Засунув руки в карманы, он стоял перед чучелом кабарги, брезгливо оглядывая немудрёную дикарскую утварь.

– Не так давно, кстати, исчезли, – сообщил Лепяго. Его непросто было сбить с панталыку. – А если в лес подальше зайти, то можно будет наткнуться на диких кабарожек. На них до сих пор охотятся. Кстати, насчёт охоты. Видите пальму в руке мужчины? Вон, тесак так называется. Несмотря на её грозный вид, пальма не является для местных жителей оружием. Это сельскохозяйственный инструмент, такой же как коса у русских.

Я присмотрелся. Чучело было вооружено своеобразным мачете с длинной ручкой или, скорее, коротким копьём с длинным узким лезвием почти с рукоять величиною. Может быть пальмой и можно было рубить какой-нибудь стланик, но смахнуть голову с плеч она тоже могла за милую душу. В другой руке туземец держал лук. На левом бедре, оперением к пузу висел колчан со стрелами.

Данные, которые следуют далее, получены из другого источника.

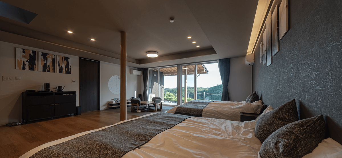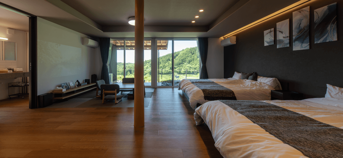 一棟貸しのVILLAは完全なプライベート空間。客室露天風呂から星空と棚田を独り占め出来ます。オールインクルーシブのドリンクやエアウィーヴのワイドキングベッド、大型プロジェクターなど日常を忘れて過ごすことが出来ます。

– Настоящий боевой лук, – похвастался директор музея. – Хранился в одной семье.

– Тут что, бои шли? – хмыкнул Слава.

– В своё время – да, – просветил нас Андрей Николаевич. – Вы у себя в Ленинграде о Севере всё больше по фильму «Начальник Чукотки» судите, а зря. Не такие они простые, если уж хотите знать. Казаков со времён Ермака Тимофеевича гоняли такими луками, между собой северные народы тоже бились насмерть. Лет двести назад тут такие войны шли, что ох ты ну.

– Сильно рубились? – корефан напал на любимую тему.

– Надо полагать, – не без гордости за отчизну ответил Лепяго. – Человеку вообще свойственно воевать. За землю, за богатства… Ну, богатств тут особенных не было, а за жизненное пространство боролись.

– Места им мало – леса-то огромные какие? – вступил Вадик.

– Видимо, мало. В лесу не везде хорошо, да и народу раньше проживало значительно больше. Охотились, кочевали. Жили стойбищами. Иногда сталкивались. Естественно, чужаков побаивались, как и всего непонятного. Старались доказать свою доблесть. Вот и случались войны. Эвенки с тунгусами, тунгусы с эвенами, эвены с остяками, манси и юкагирами. А всех их вместе выносила кавалерия чаучей.

– Чукчей, что ли? – уточнил Слава.

– Это вы их так зовёте. А на самом деле они чаучи – «оленьи люди»: пастухи и кочевники. Вот им много места требовалось, чтобы стада кормить. Соответственно, стычки неизбежны. Где война, там растят воинов – сильных и свирепых бойцов. Они совсем непростые ребята! Чукчи и до побережья доходили, там громили коряков и нивхов, словом, экспансивная нация, а вы анекдоты про них сочиняете. Это от незнания, вам простительно.

– Вас этому в Красноярском учили? – с неподдельным уважением спросил я.

– В нём самом, – кивнул Лепяго. – Я ведь готовился как преподаватель соответствующего региона. Эпос «Нюргун» моя настольная книга, – он усмехнулся.

– Как у вас тут всё… необычно, – восхищённо протянул Вадик. Ему хозяйство Лепяго понравилось.

– Спасибо, – Андрей Николаевич был тронут. – Я старался воссоздать всё доподлинно. Видите посуду из бересты, чуман называется. Она как бы бывшая в употреблении. В посёлке одном обнаружил. Я её из этнографической экспедиции привёз. Когда музей основали, я, скажу вам, немало поездил по округе в поисках экспонатов. Дело хлопотное, но зато результат каков!

– Впечатляет, – Вадик указал на бревенчатое сооружение в дальнем углу, – а что это такое?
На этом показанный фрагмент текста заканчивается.